First sum rows that have the same Customer/Product/FY and then, grouping by Customer/Product, for each FY value, fy
, pick out the Rev
values whose FY values are between fy-k+1
and fy
and sum.
library(data.table)
k <- 5
DT <- as.data.table(DFI)
DT <- DT[, list(Rev = sum(Rev)), by = c("Customer", "Product", "FY")]

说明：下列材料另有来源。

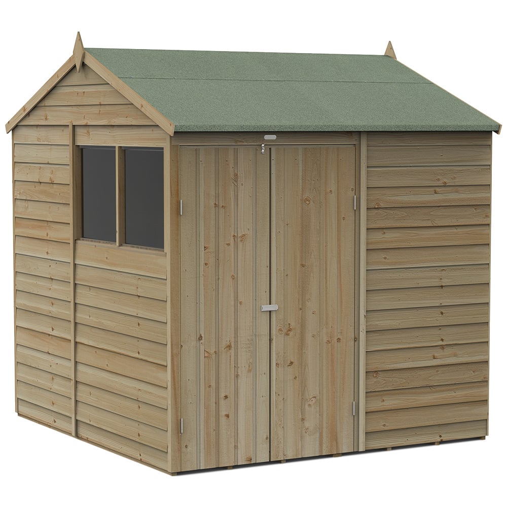 Store your logs or garden accessories safely with this 4LIFE 7 x 7ft Double Door Two Windows Overlap Pressure Treated Reverse Apex Shed by Forest Garden. This shed features an improved design with modular panels. Its reverse apex roof makes it ideal for positioning against a wall and allows the interior space to be used for its most significant storage potential. Supported by 30%-thicker framing, it is built using straight-cut seven mm boards that overlap to give flexibility, allowing natural movement of the timber and aiding rainwater run-off. The pressure treatment that has been applied provides a 25-year anti-rot guarantee, giving you maintenance freedom and eliminating preservative treatment. Compared with standard sheds, this garden shed features a solid timber floor, allowing for storing heavier items. The roof of this pent shed is made from a hardwearing eight mm solid sheet and finished with a green mineral felt cover for complete weatherproof protection. It also features a double-Z frame to increase strength and prevent door movement. The security is enhanced with hidden hinges and a padlock-ready simple and secure hasp with a staple latch to keep valuable items safe (padlock not included). Its door can also be fitted with a left or right-hand opening, depending on your choice. The shed has shatter-proof PET glazing, which is more secure than traditional glass and does not yellow or fade over time. This wooden shed will look good in any garden with its conventional apex roof, smooth-planed barge sheds, and diamond-shaped finial. It is handcrafted in the UK using FSC-certified timber and comes with a complete set of fixings with clear instructions to help you achieve a straightforward assembly. Also, remember to build lean-to at the same time as the shed. This shed is delivered free to most UK addresses, using Forest Garden's White Glove Delivery Service, so it will be dropped off wherever you want it in your garden, with all packaging removed. Please Note: Orders to the following postal codes may be subject to longer leads than advertised:

DT[, cumsum := sapply(FY, function(fy) sum(Rev[between(FY, fy-k+1, fy)])),
by = c("Customer", "Product")]
给予:
> DT
Customer Product FY Rev cumsum
1: 13575 A 2011 4 4
2: 13575 A 2012 3 7
3: 13575 A 2013 3 10
4: 13575 A 2015 1 11
5: 13575 A 2016 2 9
6: 13575 B 2011 3 3
7: 13575 B 2012 3 6
8: 13575 B 2013 4 10
9: 13575 B 2014 5 15
10: 13575 B 2015 6 21
11: 13578 A 2010 3 3
12: 13578 A 2016 2 2
13: 13578 B 2013 2 2
14: 13578 C 2014 4 4
15: 13578 D 2015 2 2
16: 13578 E 2010 2 2
这篇关于基于 R 中的条件的窗口中的累积总和(或运行窗口总和)的文章就介绍到这了,希望我们推荐的答案对大家有所帮助,也希望大家多多支持IT屋!